I'm not going to attack you, and what you say is factually true, but pretty much impossible to achieve in a normal aircraft unless you have a lot of excess thrust, good low speed control authority, and lightning reflexes.
Yes, there are two points where I can produce the same lift
coefficient pre and post stall. But post stall, I have to have the same airspeed as pre-stall, not something your average trainer is going to be able to achieve.
Next, everything is going to be backwards. Pitching down will increase lift coefficient, pitching up will decrease it. Not very instinctive.
Finally, you've got this thing called longitudinal stability fighting you. Once your lift coefficient starts to decrease, the wing is going to fall and the horizontal stabilizer... loafing along at a low lift coefficient... will keep flying and point the nose down... even if the pilot is trying to prevent it by pulling back unless you've got huge elevator surfaces and perhaps an aft C of G.
As for stalling an airplane on, absolutely you can do it. Three point a taildragger and you've stalled it on... in three point attitude many taildraggers wings are beyond the stalling angle of attack.
Should you stall every plane on? No. Again going back to the lift coefficient curve you talked about earlier, not all are created equal.

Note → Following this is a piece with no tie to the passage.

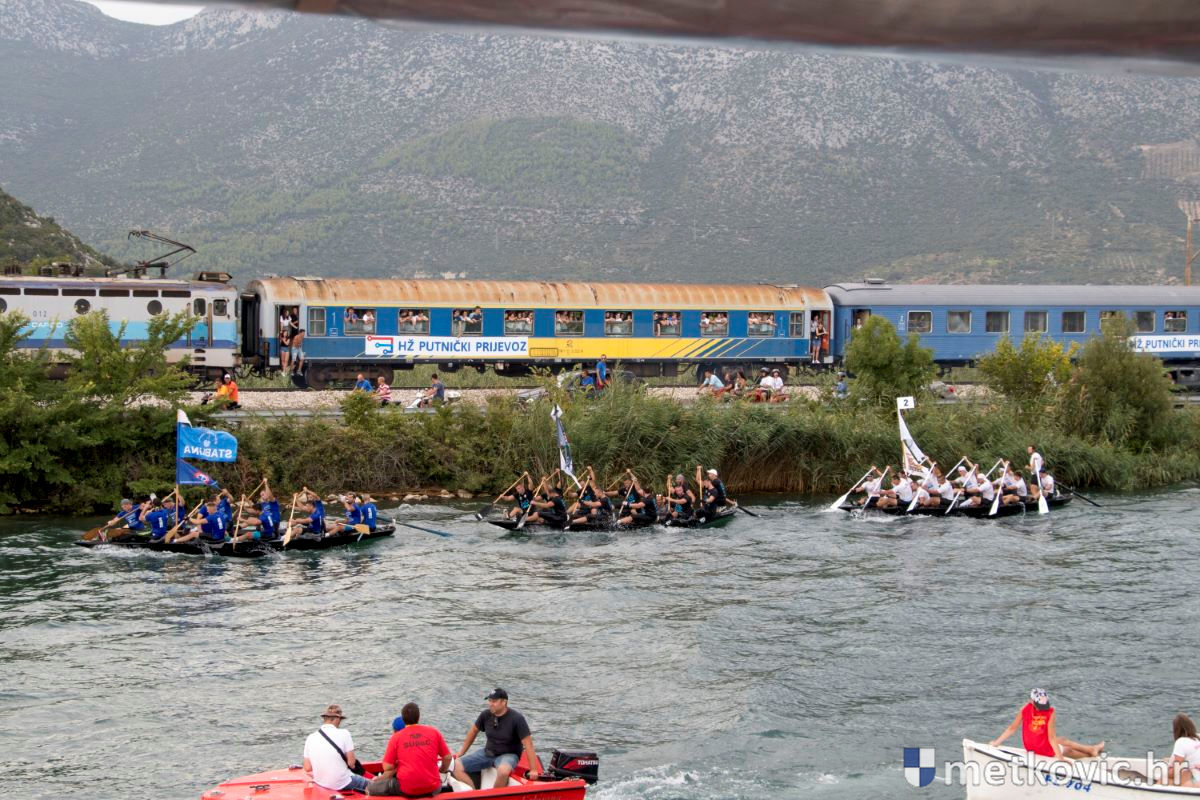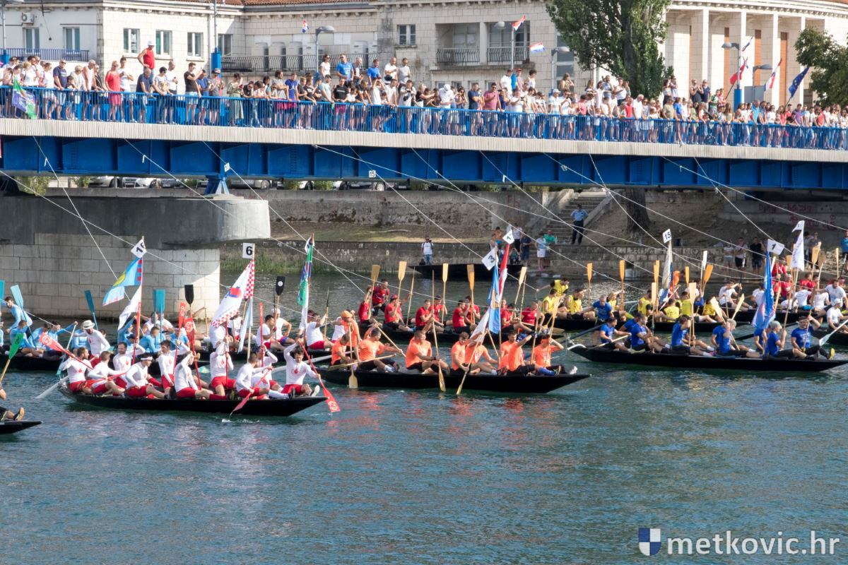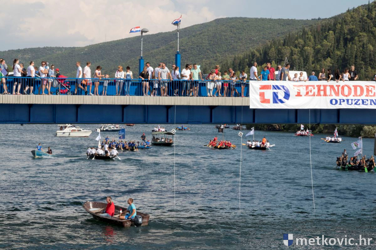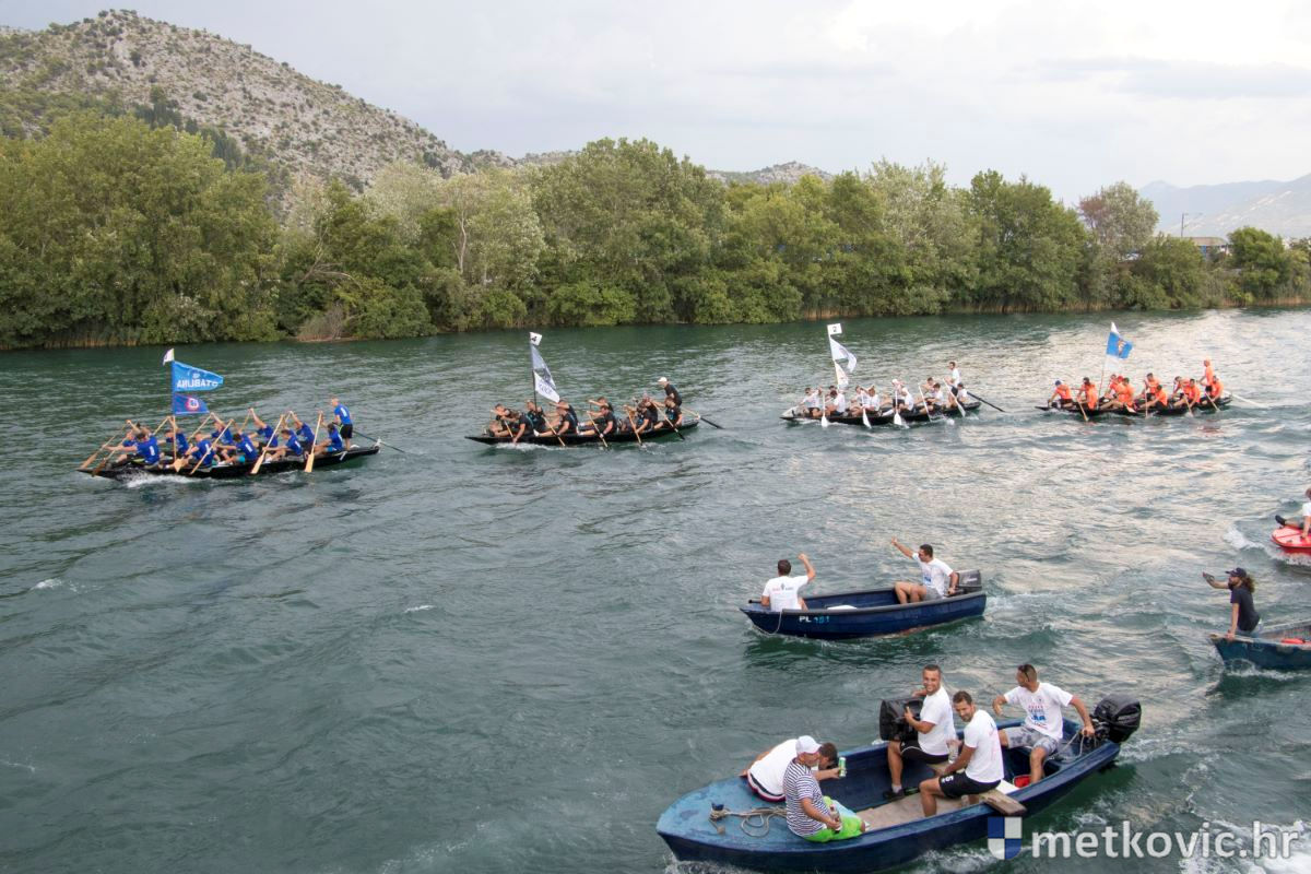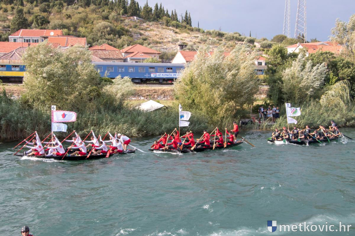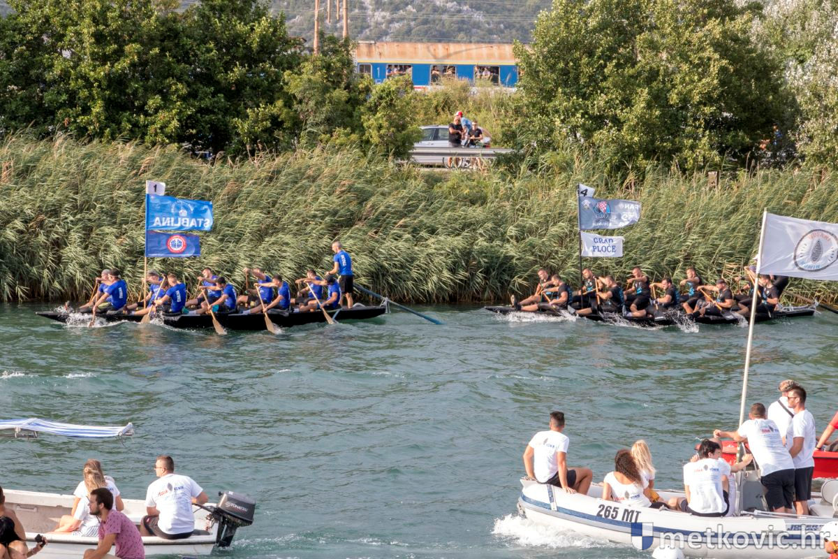 Pod visokim pokroviteljstvom predsjednice RH Kolinde Grabar-Kitarović jučer se Neretvom iz Metkovića put Ploča otisnulo 26 posada u neretvanskoj utrci svih utrka, koja sve više osvaja i ostatak Hrvatske. I ne samo to, neneretvanske ekipe sve su bolje i bolje pasirane u tome iznimno napornu natjecanju. To su osvajanjem drugoga mjesta ponovno dokazali bjelovarski Argonauti, a svako poštovanje zaslužili su: ekipa Hrvatskoga zavoda za transfuzijsku medicinu, HŠDO Bjelovar-Šumari i duga posada Argonauta, koji su se plasirali među prvih deset. Nije puno nedostajalo da to uspije ekipi Siska i Salašarima Somborskim.

If you've got a plane with a large amount of camber in the wing and a very rounded leading edge and low wing loading, the top of the curve will be very rounded. As we approach the stall, we can change the angle of attack quite a bit without appreciably changing the lift coefficient. This is what makes landing those types of planes at low speed a dream, you can ham fist it and the plane doesn't do much. If you finesse it, you can control it very precisely.
In another world are the jets and other high performance aircraft with their high wing loading, non cambered (laminar flow) or inverse cambered (super critical) airfoils, and often pointy leading edges. These have a lift coefficient graph with a sharp peak at the top. You don't want to go anywhere near this one because things happen rapidly when you go past it.
Now back to our 172. If you are around a decent sized field and there are a bunch of 172s or even 182s or 185s around that haven't been modified, take a close look at them. The straight tails all the way to the mid-sixties 172s will have a moderately sharp leading edge. Then go find a later model 172, mid 1970s or later. The leading edges on these are very fat and rounded and actually droop a bit. In fact, minus the wing fences they actually have a poor man's Horton STOL kit installed with the conical camber wingtips.
That is what makes these newer ones much easier to fly, much more stable at lower speeds, and if you shave off a few knots on approach, an absolute dream to land. They don't break very easily at the stall. They don't spin worth crap (also thanks to the larger dorsal fin). Put in some power and they will just mush. At light weights, stall speed goes down, elevator authority does as well, combined perhaps with a bit of miss rigging and maybe a bit of a decent and I could easily see this aircraft not having a clean break stall.